- Born: Joseph de Valley McManemin 2 January 1923 Auckland, New Zealand
- Died: 5 August 2014 (aged 91) Auckland, New Zealand
- Occupation: Pharmacist
- Relatives: Jonathan Trevethick (grandfather)

= Joe McManemin =

Joseph de Valley McManemin (2 January 1923 – 5 August 2014) was a New Zealand athletics coach and sports administrator.

==Biography==
Born in Auckland in 1923, McManemin was educated at Auckland Grammar School and became a pharmacist, with a shop in the Auckland suburb of Mount Roskill.

A sprinter, McManemin was a member of the Old Grammarians' Club in Auckland. He became involved in athletics administration, and was elected to the committee of the Auckland Centre of the New Zealand Amateur Athletic Association in 1944. He went on to become a sprint coach, mentoring New Zealand representatives including Doreen Porter, Valerie Morgan and Maurice Rae.

McManemin went to the 1960 Rome Olympics as the New Zealand athletics team manager and was the general manager of the New Zealand team at the 1970 British Commonwealth Games in Edinburgh. He was chef de mission of the New Zealand team at the 1972 Olympic Games in Munich.

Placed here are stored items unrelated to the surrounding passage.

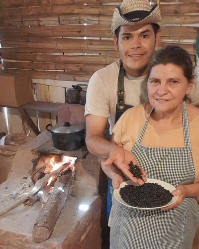 “Así va quedando de a poco nuestra cocina angiru. Ya está para lavar nuestros cubiertos. Beguekatu jaha hese hina” escribió en sus redes mostrando de cómo preparaba las tacuaras para usarlas.
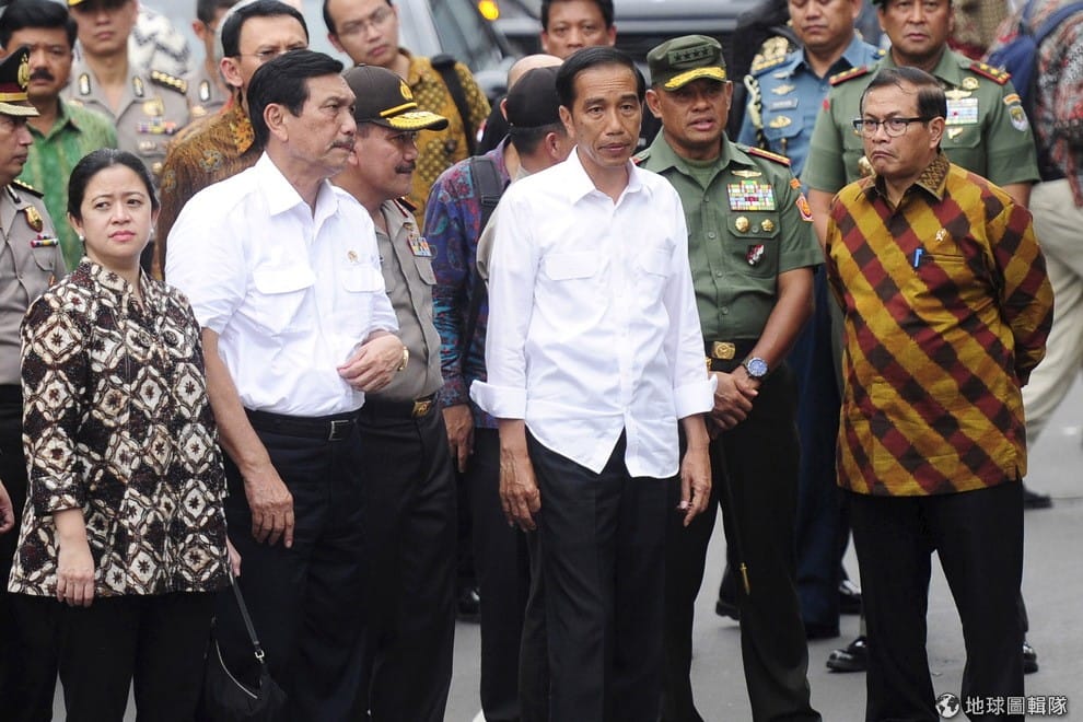 印尼總統佐科威(前排左三)譴責恐攻,表示這次的事件很明顯是故意要擾亂社會安寧,並製造大眾恐慌。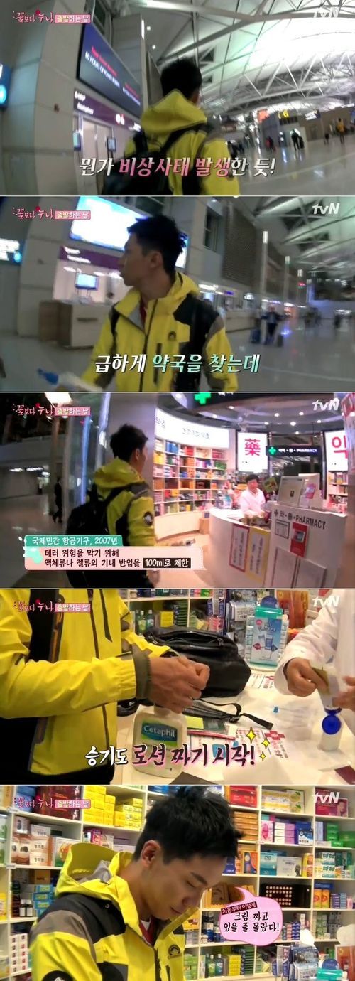 이승기가 약국을 찾은 이유는 바로 액체 용기 때문. 비행기 반입이 되지 않은 윤여정의 로션 등 용량이 큰 액체 때문에 이승기가 약국을 찾아 100미리 용기에 옮겨담아야 했던 것.

He served on the organizing committees for both the 1950 British Empire Games in Auckland and the 1974 British Commonwealth Games in Christchurch. With Norman Coop, he was co-founder of the 1990 Games Promotion Committee, which successfully bid in 1984 to stage the 1990 Commonwealth Games in Auckland. McManemin then went on to chair the organizing committee for that event.

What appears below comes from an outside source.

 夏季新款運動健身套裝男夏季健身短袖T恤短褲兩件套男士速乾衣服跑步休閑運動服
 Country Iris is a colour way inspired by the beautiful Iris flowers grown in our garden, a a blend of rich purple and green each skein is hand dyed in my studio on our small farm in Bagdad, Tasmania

McManemin served as president of both Athletics Auckland and Athletics New Zealand. A Freemason, he was grand master of Freemasons New Zealand from 1986 to 1988.

He died in Auckland in 2014.

==Honours==
In the 1974 New Year Honours, McManemin was appointed a Commander of the Order of the British Empire, for services to sport and the community. He was appointed a Companion of the Queen's Service Order for community service in the 1990 New Year Honours.